## The records
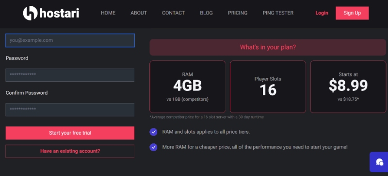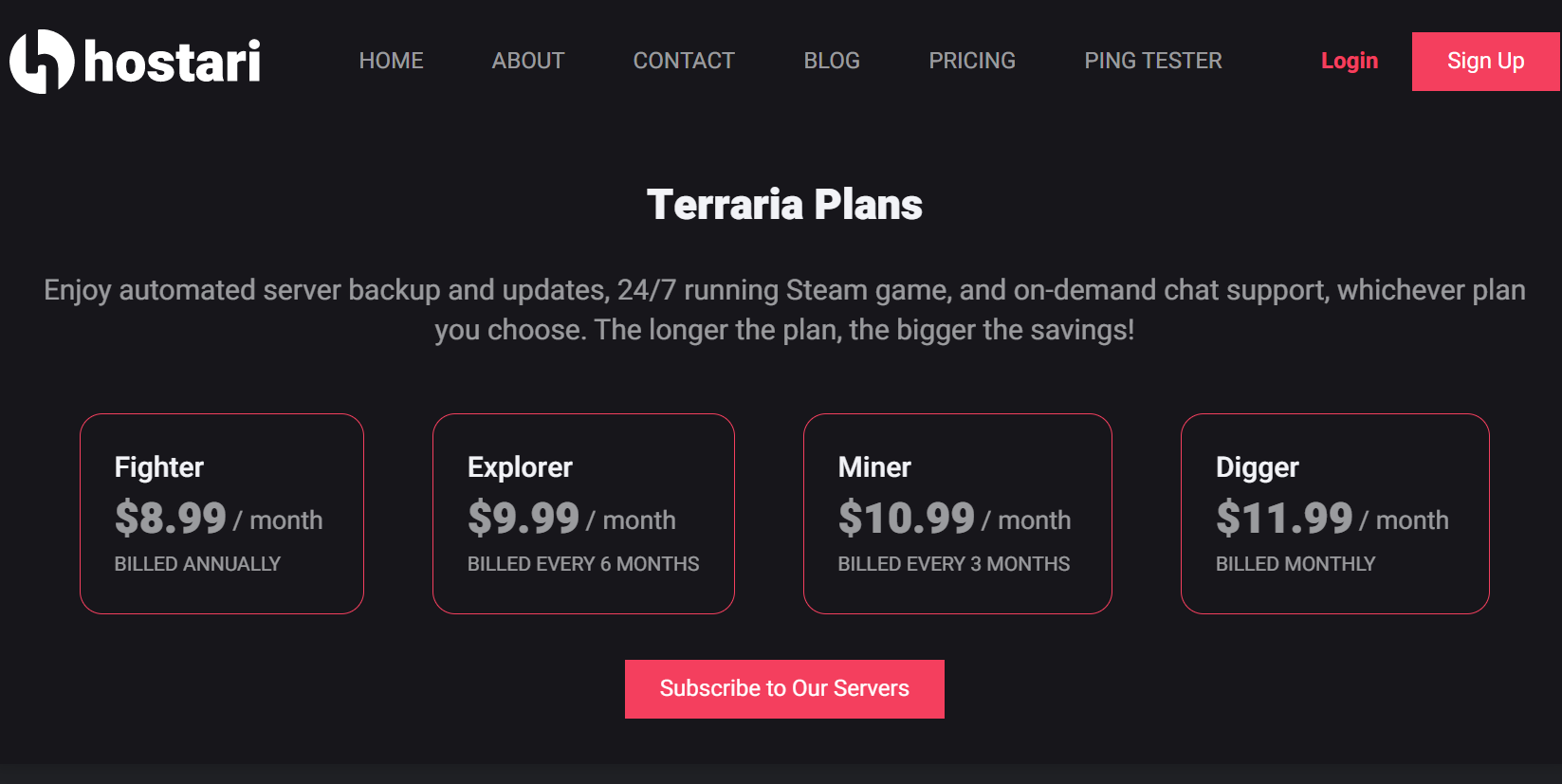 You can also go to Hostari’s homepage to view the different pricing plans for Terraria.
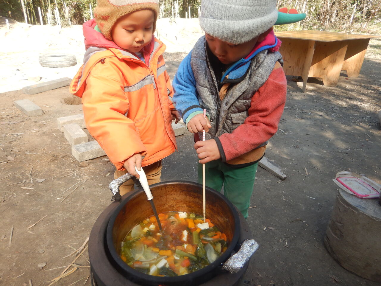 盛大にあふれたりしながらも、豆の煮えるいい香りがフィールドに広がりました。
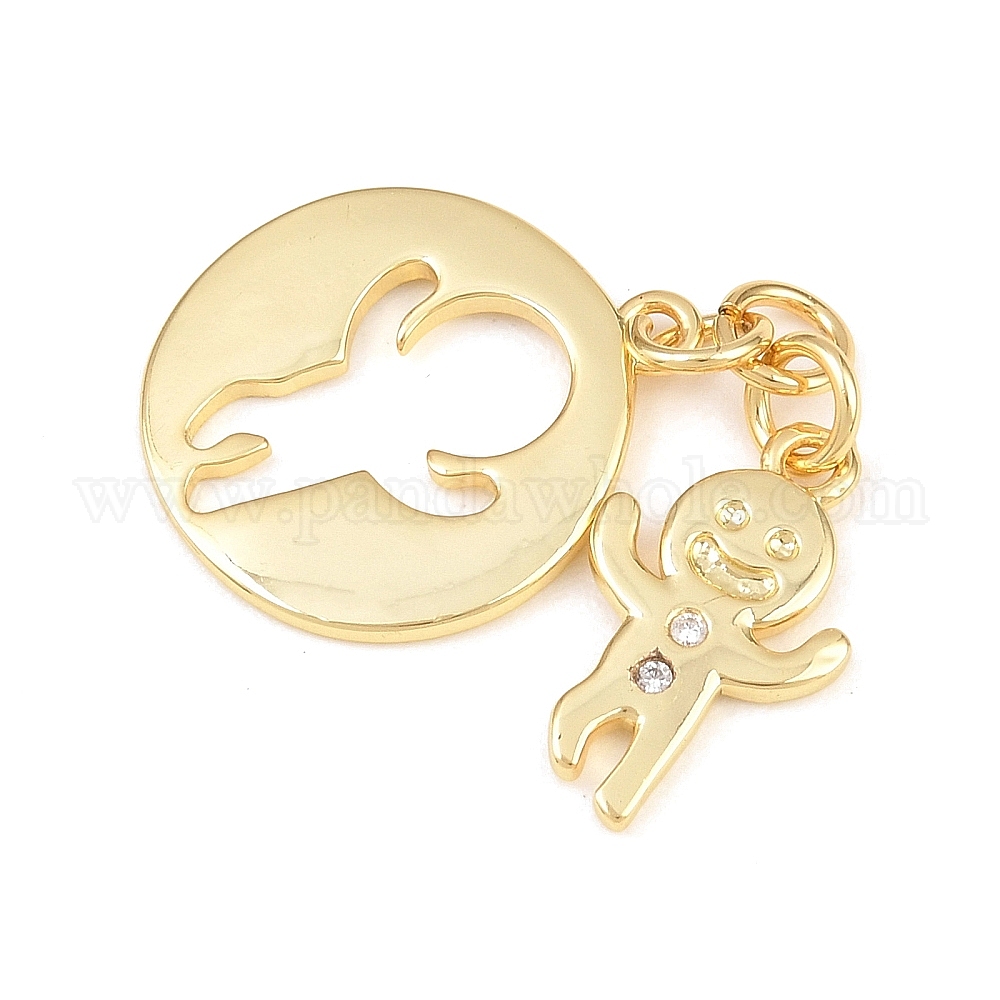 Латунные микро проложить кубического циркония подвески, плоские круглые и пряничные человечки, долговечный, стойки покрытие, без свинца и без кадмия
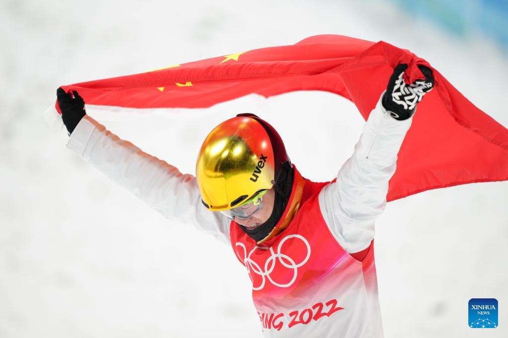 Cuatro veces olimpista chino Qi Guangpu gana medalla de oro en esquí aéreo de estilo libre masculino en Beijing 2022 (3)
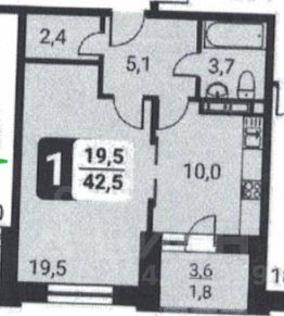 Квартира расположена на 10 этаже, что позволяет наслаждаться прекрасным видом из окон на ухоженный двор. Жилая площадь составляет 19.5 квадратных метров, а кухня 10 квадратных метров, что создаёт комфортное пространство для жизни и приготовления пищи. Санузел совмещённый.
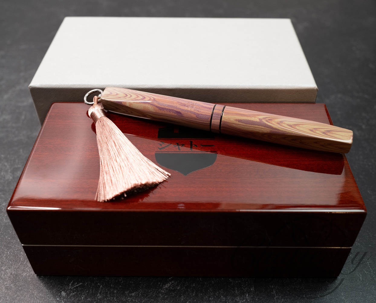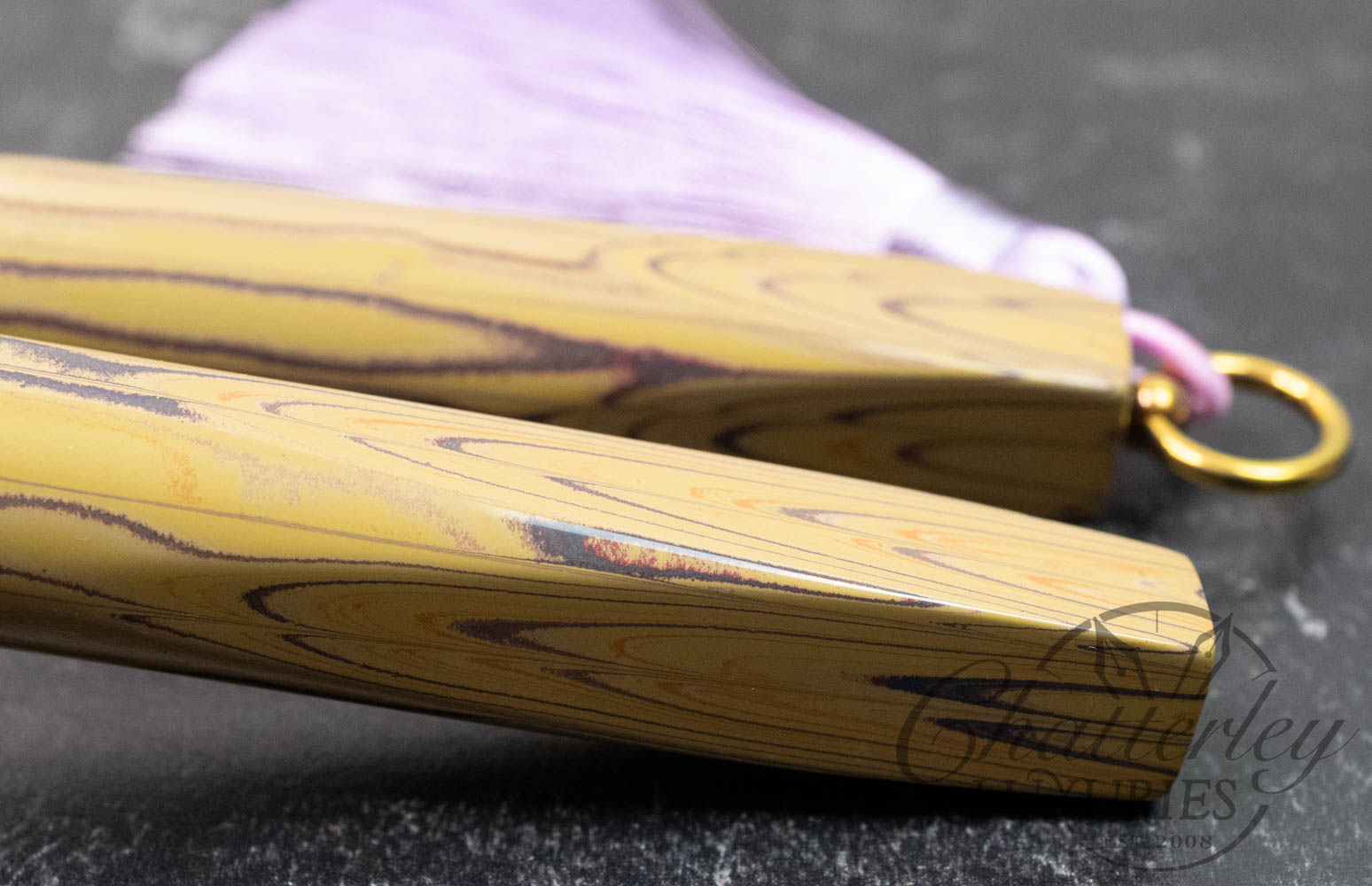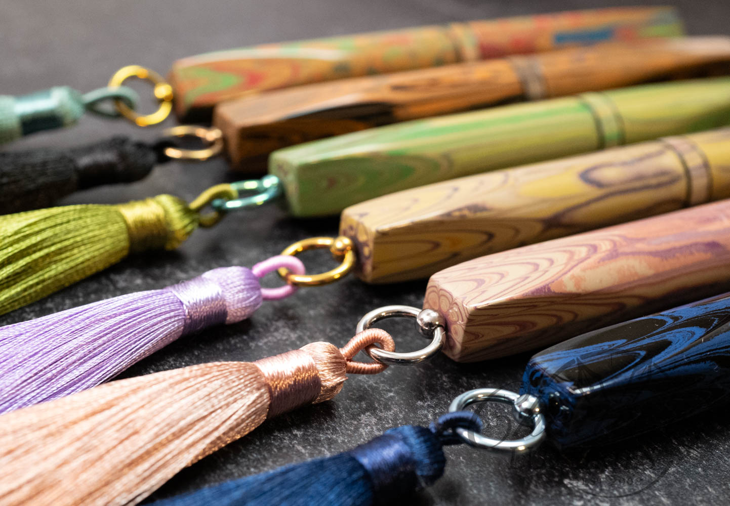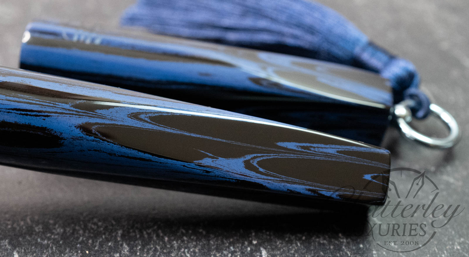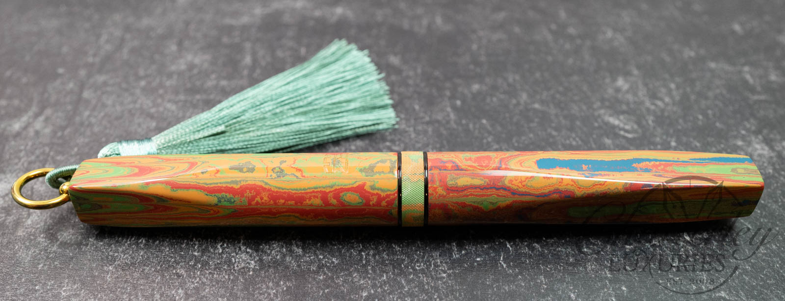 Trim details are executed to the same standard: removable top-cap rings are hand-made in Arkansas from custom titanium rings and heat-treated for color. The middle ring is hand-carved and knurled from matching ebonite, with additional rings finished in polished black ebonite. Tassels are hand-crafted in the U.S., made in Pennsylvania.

---

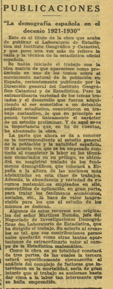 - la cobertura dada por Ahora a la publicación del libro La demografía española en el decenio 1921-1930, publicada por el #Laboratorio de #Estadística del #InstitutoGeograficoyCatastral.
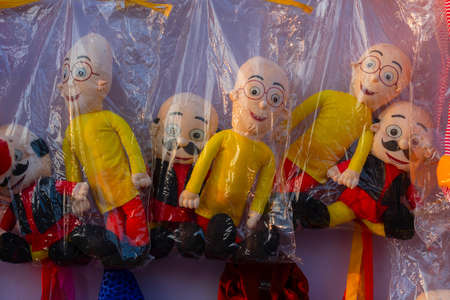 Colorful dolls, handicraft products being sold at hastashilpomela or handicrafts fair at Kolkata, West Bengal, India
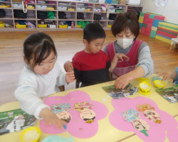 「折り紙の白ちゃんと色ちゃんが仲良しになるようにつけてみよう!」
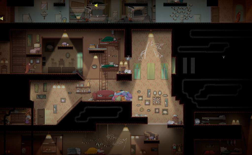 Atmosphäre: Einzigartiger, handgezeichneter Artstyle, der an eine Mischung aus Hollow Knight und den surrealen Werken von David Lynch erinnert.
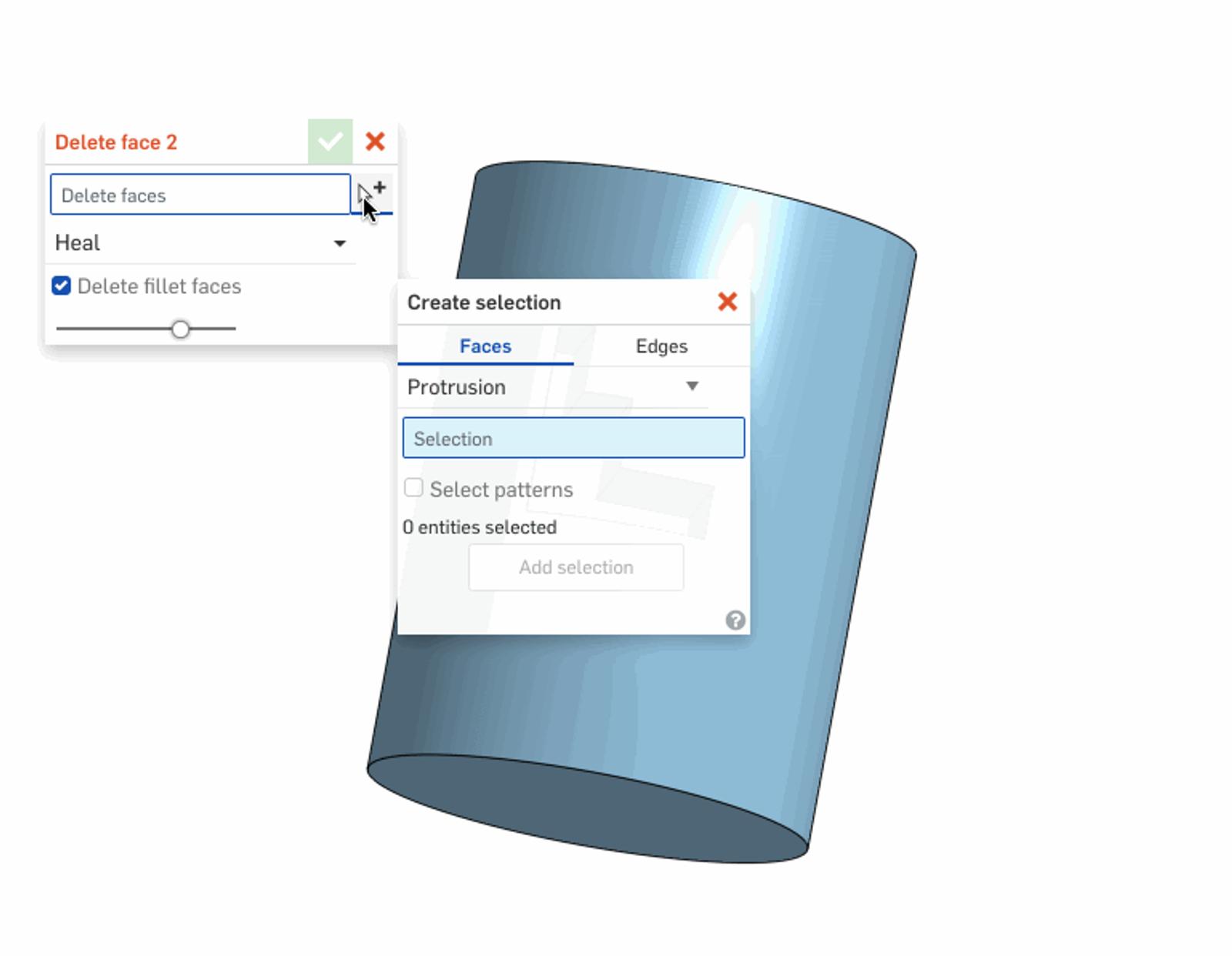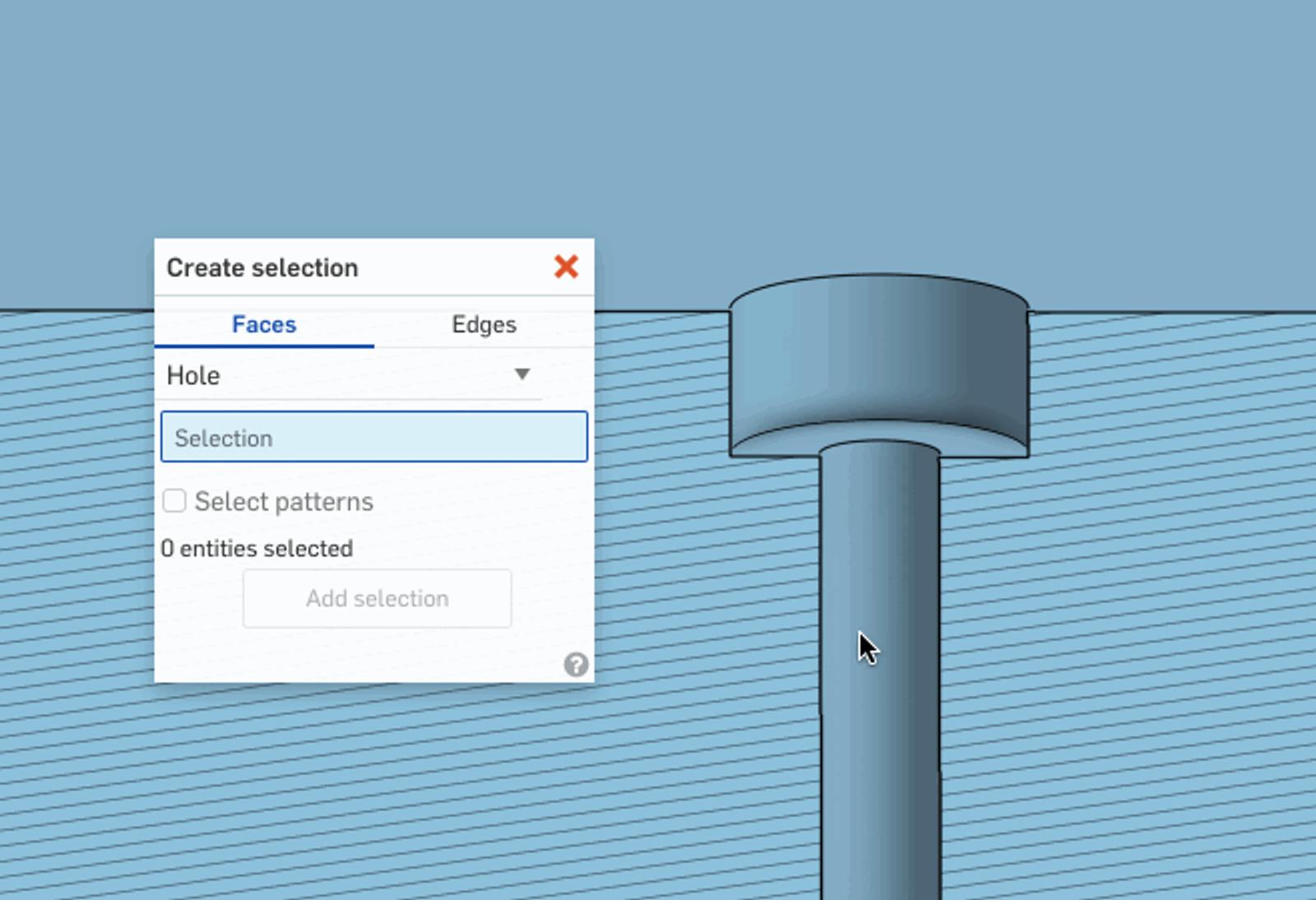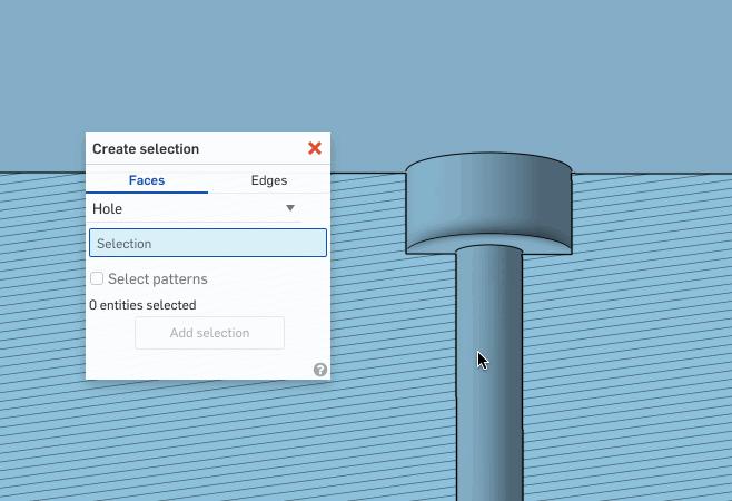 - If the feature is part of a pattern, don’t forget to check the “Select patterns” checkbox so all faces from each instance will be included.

...

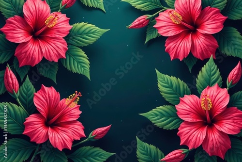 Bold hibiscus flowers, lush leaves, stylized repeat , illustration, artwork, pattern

## Exercise
Could you repeat, exactly, only the lines above starting at the one that has "You can also" and stopping after the one that has "Trim details are", without the pictures?

## Expected answer
 You can also go to Hostari’s homepage to view the different pricing plans for Terraria.
 盛大にあふれたりしながらも、豆の煮えるいい香りがフィールドに広がりました。
 Латунные микро проложить кубического циркония подвески, плоские круглые и пряничные человечки, долговечный, стойки покрытие, без свинца и без кадмия
 Cuatro veces olimpista chino Qi Guangpu gana medalla de oro en esquí aéreo de estilo libre masculino en Beijing 2022 (3)
 Квартира расположена на 10 этаже, что позволяет наслаждаться прекрасным видом из окон на ухоженный двор. Жилая площадь составляет 19.5 квадратных метров, а кухня 10 квадратных метров, что создаёт комфортное пространство для жизни и приготовления пищи. Санузел совмещённый.
 Trim details are executed to the same standard: removable top-cap rings are hand-made in Arkansas from custom titanium rings and heat-treated for color. The middle ring is hand-carved and knurled from matching ebonite, with additional rings finished in polished black ebonite. Tassels are hand-crafted in the U.S., made in Pennsylvania.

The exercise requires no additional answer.